[Items listed in a dataset]
────────
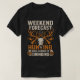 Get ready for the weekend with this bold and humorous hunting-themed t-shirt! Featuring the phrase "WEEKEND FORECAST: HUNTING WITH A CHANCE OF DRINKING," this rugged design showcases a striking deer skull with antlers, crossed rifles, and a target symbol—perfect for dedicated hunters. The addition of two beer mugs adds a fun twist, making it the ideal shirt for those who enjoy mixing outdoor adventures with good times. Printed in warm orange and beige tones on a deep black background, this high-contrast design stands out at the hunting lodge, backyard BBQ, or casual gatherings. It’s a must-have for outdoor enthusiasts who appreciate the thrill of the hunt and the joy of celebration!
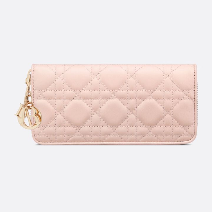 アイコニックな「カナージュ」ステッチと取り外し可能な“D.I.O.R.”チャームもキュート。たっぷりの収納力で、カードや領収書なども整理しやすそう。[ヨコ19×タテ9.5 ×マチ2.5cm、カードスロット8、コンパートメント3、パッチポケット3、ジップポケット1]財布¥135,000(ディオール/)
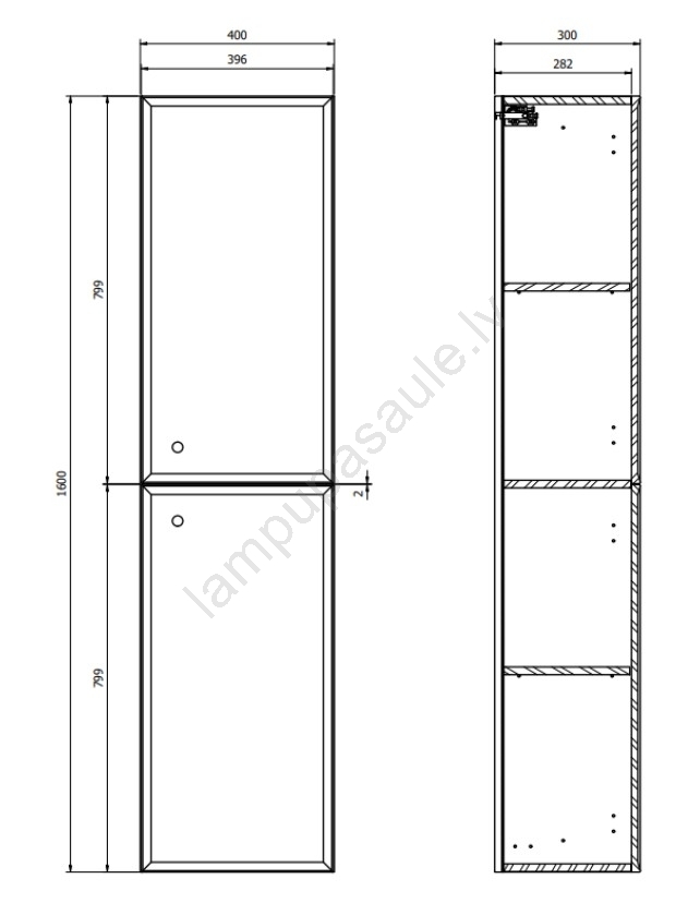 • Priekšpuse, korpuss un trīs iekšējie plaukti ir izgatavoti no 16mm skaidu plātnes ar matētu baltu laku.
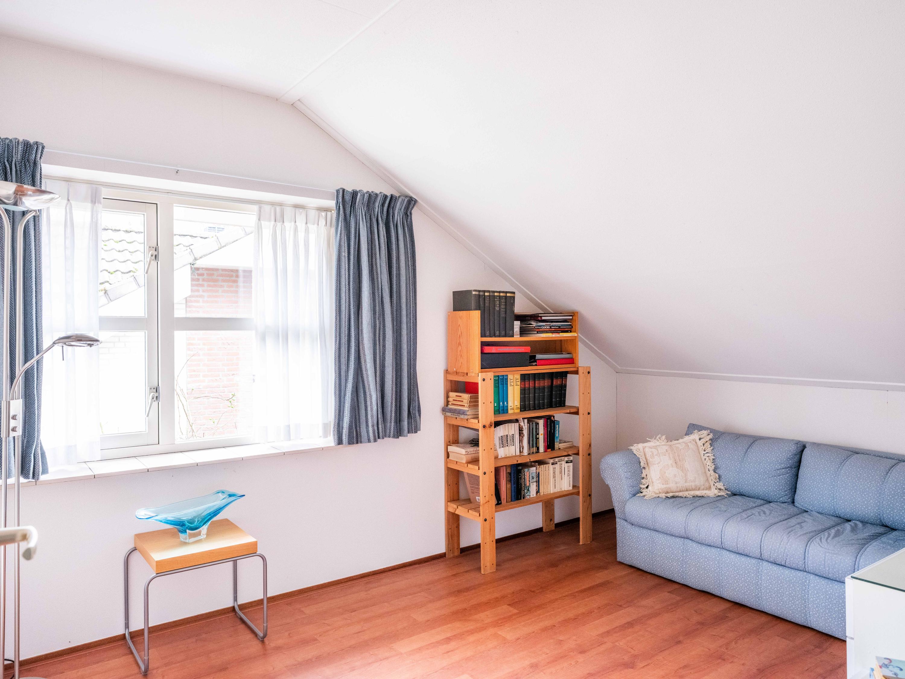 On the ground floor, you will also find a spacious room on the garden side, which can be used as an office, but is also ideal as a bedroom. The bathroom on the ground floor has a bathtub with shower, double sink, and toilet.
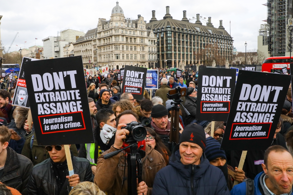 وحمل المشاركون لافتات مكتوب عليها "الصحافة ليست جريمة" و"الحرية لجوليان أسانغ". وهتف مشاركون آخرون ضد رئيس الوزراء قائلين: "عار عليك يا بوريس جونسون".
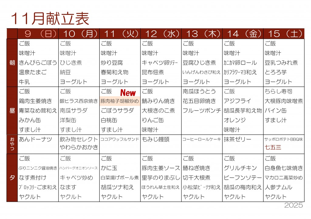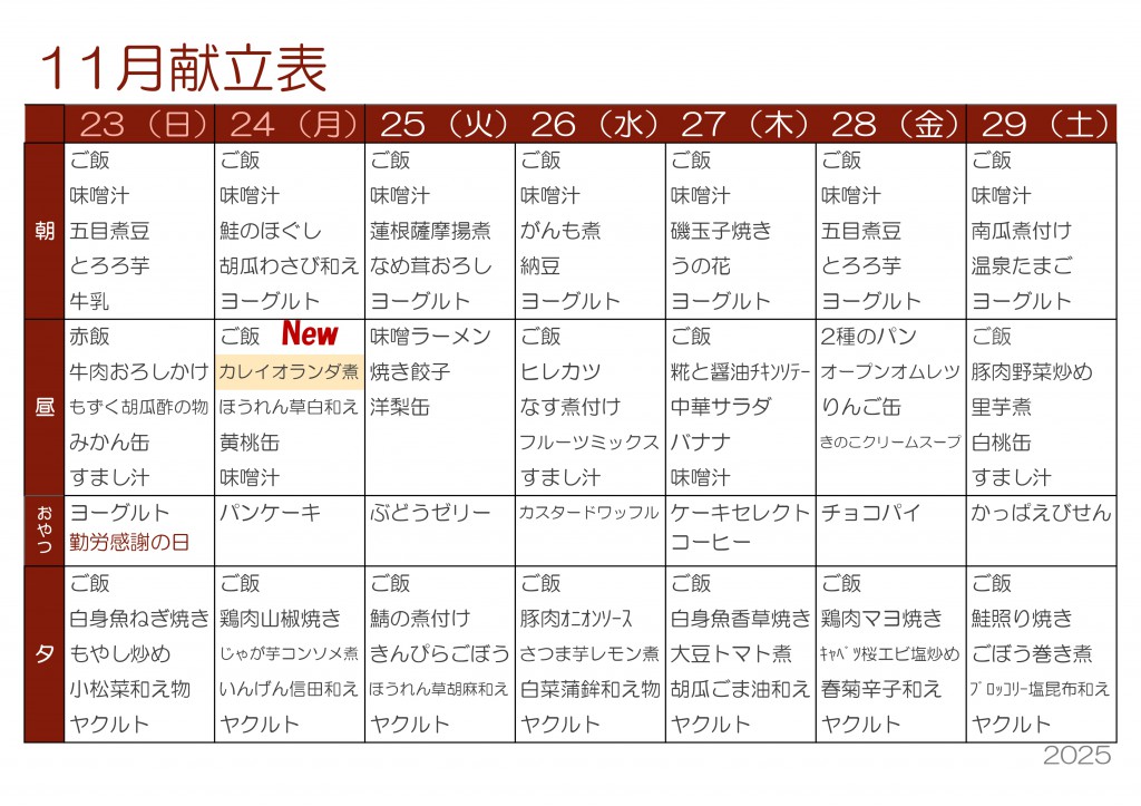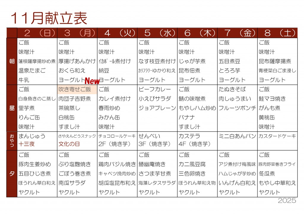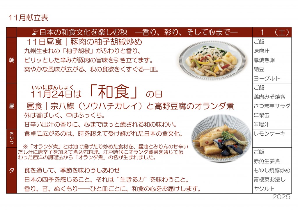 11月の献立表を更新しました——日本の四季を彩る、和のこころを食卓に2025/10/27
────────
What the task asks
Here the job is to repeat the entries verbatim while leaving all pictures out.

Exercise result
 Get ready for the weekend with this bold and humorous hunting-themed t-shirt! Featuring the phrase "WEEKEND FORECAST: HUNTING WITH A CHANCE OF DRINKING," this rugged design showcases a striking deer skull with antlers, crossed rifles, and a target symbol—perfect for dedicated hunters. The addition of two beer mugs adds a fun twist, making it the ideal shirt for those who enjoy mixing outdoor adventures with good times. Printed in warm orange and beige tones on a deep black background, this high-contrast design stands out at the hunting lodge, backyard BBQ, or casual gatherings. It’s a must-have for outdoor enthusiasts who appreciate the thrill of the hunt and the joy of celebration!
 アイコニックな「カナージュ」ステッチと取り外し可能な“D.I.O.R.”チャームもキュート。たっぷりの収納力で、カードや領収書なども整理しやすそう。[ヨコ19×タテ9.5 ×マチ2.5cm、カードスロット8、コンパートメント3、パッチポケット3、ジップポケット1]財布¥135,000(ディオール/)
 • Priekšpuse, korpuss un trīs iekšējie plaukti ir izgatavoti no 16mm skaidu plātnes ar matētu baltu laku.
 On the ground floor, you will also find a spacious room on the garden side, which can be used as an office, but is also ideal as a bedroom. The bathroom on the ground floor has a bathtub with shower, double sink, and toilet.
 وحمل المشاركون لافتات مكتوب عليها "الصحافة ليست جريمة" و"الحرية لجوليان أسانغ". وهتف مشاركون آخرون ضد رئيس الوزراء قائلين: "عار عليك يا بوريس جونسون".
 11月の献立表を更新しました——日本の四季を彩る、和のこころを食卓に2025/10/27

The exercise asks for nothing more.